The Hot Case component has a mean pass rate of 64%, although only 37% of candidates pass both cases. 1 The Hot Case examination’s relatively low pass rate in comparison with the viva pass rate (75%) 1 highlights the potential disparity and the need for the ongoing evaluation of this component. This is particularly important given the potential impact of a false negative (candidates who fail and who should have passed) or a false positive examination result (candidates who pass and who should have failed) on both trainee wellbeing and community safety.

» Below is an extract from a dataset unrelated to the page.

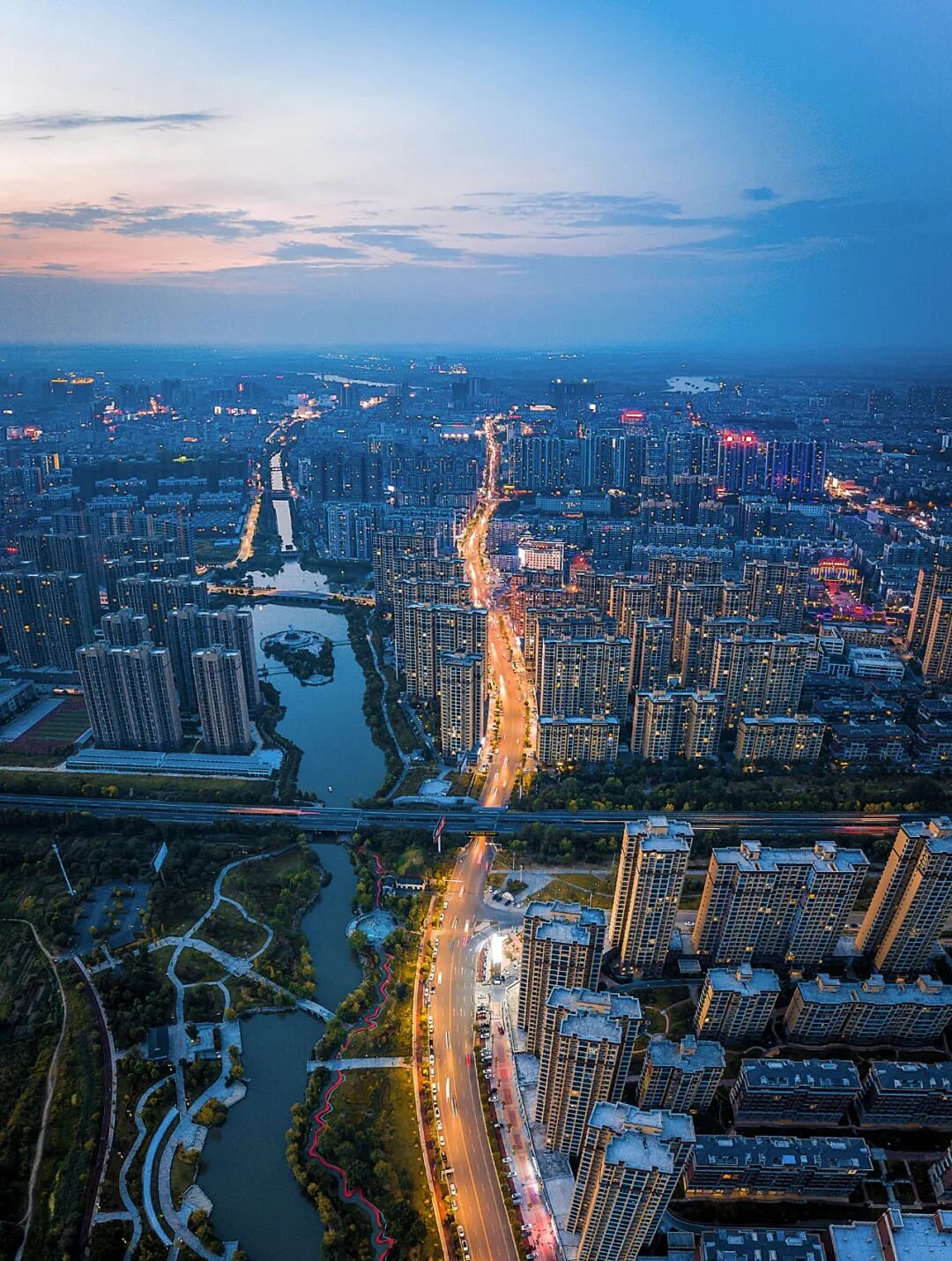 (请横屏观看,荆州古城鸟瞰,画面中部为荆州古城,外围一圈为护城河,左下为手持70米长刀的关羽像,摄影师@邓双)

The CICM’s responsibility for credentialling

Credentialling trainees for specialist practice is a vital role of medical specialist colleges. The CICM Constitution states that the college will “determine and maintain professional standards for the practice of intensive care medicine in Australia and New Zealand”. 2 Health care education institutions combine teaching with credentialling and are accountable to the trainee, the patient and society. 3 The focus of credentialling is protecting the patient and the community, necessitating clearly defined performance standards for trainees. 4 High-stakes examinations, including the CICM second part examination, have an established history as the preferred mechanism to identify trainees who have met required standards. 5 These examinations should be precise in specifying the requirement for competency and should verify the chosen performance standard is appropriate for safe practice. 6
High-stakes examinations have important implications for candidates, requiring personal and professional sacrifices in preparation for the examination. 7 Failure has major consequences, with emerging literature demonstrating failure can undermine confidence, affect wellbeing, disrupt professional and personal life, and may even demoralise some candidates into leaving the workforce. 8
Health care education providers, including specialist colleges, are undergoing increasing expectation and requirement to define their acceptable standard for progression and provide fair and transparent assessment processes that allow defensible decisions regarding trainee progression. 9 The CICM is responsible for “support programs of training and education … commensurate with specialist practice in intensive care medicine”. 2
Evaluation of specialist college examination processes is required to ensure that the correct candidates progress and that false negative and false positive examination results are minimised. This requires an appropriate standard setting so the examination can dichotomise candidates into satisfactory and unsatisfactory. An example of ongoing improvement in the second part examination is the recent transition to the Angoff scoring method for the written paper. The Angoff method is a standard-setting process widely considered to be fair, validated, reliable and defensible. 10 For high-stakes examinations, defining the passing standard requires a robust and ongoing assessment to validate decisions, as there is a continuous spectrum of candidate performance, with variable knowledge and clinical experience due to a broad syllabus being tested at a single time point.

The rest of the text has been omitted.